The case was at first unsuccessful in the Federal Court and in February 2019 an appeal to the Full Court of the Federal Court was rejected by a majority. In a strong dissenting judgment, Justice Flick found that the Palace letters were Commonwealth records and, further, that it was "difficult to conceive of documents which are more clearly 'Commonwealth records' and documents which are not 'personal' property" than the Palace letters. He described the letters as concerning "'political happenings' going to the very core of the democratic processes of this country".

In January 2020, Sir Edward Young, Elizabeth's private secretary stated a preference for "all vice-regal letters to remain sealed until at least five years after her reign ends and for him to maintain a sole veto on whether they should be released at all".

On 29 May 2020, the High Court of Australia ruled that the Palace letters were now under the control of the National Archives and therefore must be considered as records that are the property of the Commonwealth, and "Commonwealth records" for the purposes of the Archives Act, and ordered the Director-General of the National Archives to reconsider Professor Hocking's request for access to the letters which it had previously denied. National Archives Director-General David Fricker immediately stated that "We accept the High Court's judgment and will now get to work examining these historically significant records for release under the provisions of the Archives Act...The National Archives is a pro-disclosure organisation. We operate on the basis that a Commonwealth record should be made publicly available, unless there is a specific and compelling need to withhold it." He nevertheless added the caveat that "some records may not be released, as exemptions for things like national security still play a role".

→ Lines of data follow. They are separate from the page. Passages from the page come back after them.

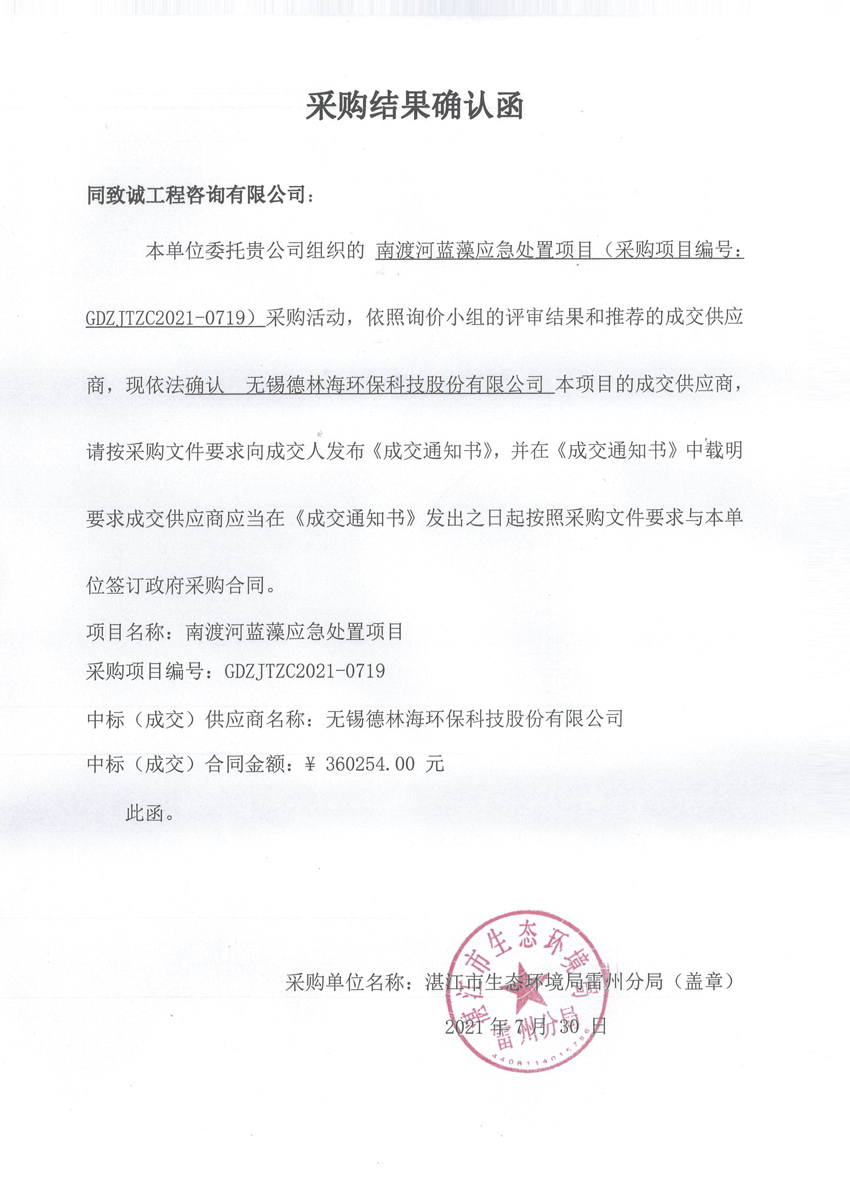 南渡河藍藻應急處置項目-采購結果確認函
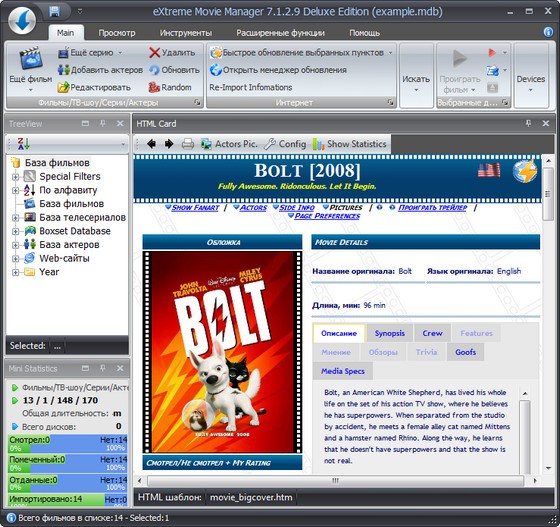 eXtreme Movie Manager - прекрасная программа, с помощью которой можно вести домашнюю фильмотеку. Для каждого фильма можно использовать около 70 полей описания, которые разделены по группам. Программа также поддерживает импорт данных с кино-сайтов. Доступны все существующие форматы файлов - от *.avi и *.mpg до RealMedia. Также eXtreme Movie Manager позволяет воспроизводить видеофайлы, искать на винчестере мультимедийные файлы указанного разрешения и каталогизировать их.
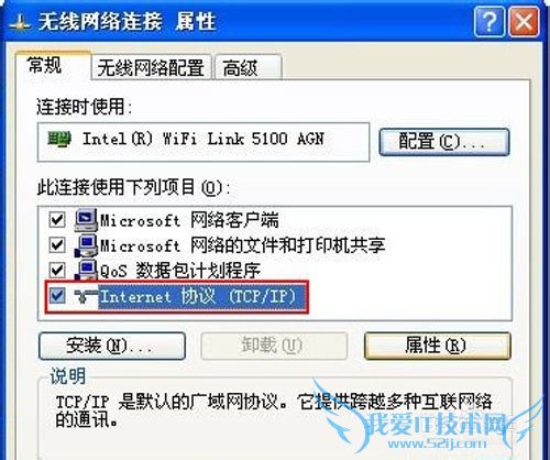 3、在“无线网络连接 属性”的窗口我们点击打钩“internet协议(TCP/IP)”然后点击“属性(R)”
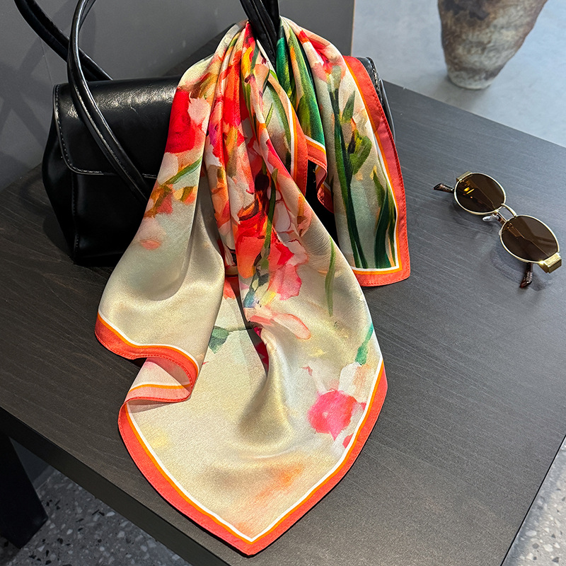 Red flowers Women’s silk scarves, accessories for all seasons

The letters were made public, in full and online, on 14 July 2020.

In January 2022, the National Archives of Australia released a further cache of over 2,000 pages of vice-regal correspondence between six other governors-general and the Queen, from Lord Casey in 1966 to Sir William Deane in 2001, as a result of the High Court's ruling in the Palace letters case. These showed that Kerr had written far more extensively than past governors-general.

==Content of the letters==
Hocking's book The Palace Letters cites a key letter from Charteris of 2 October 1975 which shows that 'the Queen, Prince Charles, and [Sir Martin] Charteris were all aware by September 1975 that Kerr was considering dismissing the government and knew of his failure to warn Whitlam of that possibility. The letters revealed that Kerr had discussed the prospect of dismissing the government with Prince Charles and the Queen, several weeks before he did so, and that he was prepared to disregard the draft legal background of the Australian solicitor-general, Sir Maurice Byers that rejection of supply does not "[compel] the Crown's representative ... to intervene". The view of the palace, communicated to Kerr, was that the reserve powers did exist and that Kerr had the power to use them despite the law officers' draft background to the contrary, but did not encourage or advise Kerr on whether to use them. Despite these revelations the Palace itself continues to deny that it played 'any part' in Kerr's decision to dismiss the Whitlam government. Professor Frank Bongiorno however has concluded, as have others, that 'the Palace was indeed a player'.

The letters released in January 2022 revealed Kerr's private hostility towards the Whitlam government, including criticism of its policies and appointments. During the 1975 crisis, Kerr wrote to the monarch asking for advice about the possible use of reserve powers to dismiss the government.

After Kerr had dismissed Whitlam, he wrote to the palace that he had not warned Whitlam of his intention to dismiss him because he feared that Whitlam would dismiss him as Governor General first.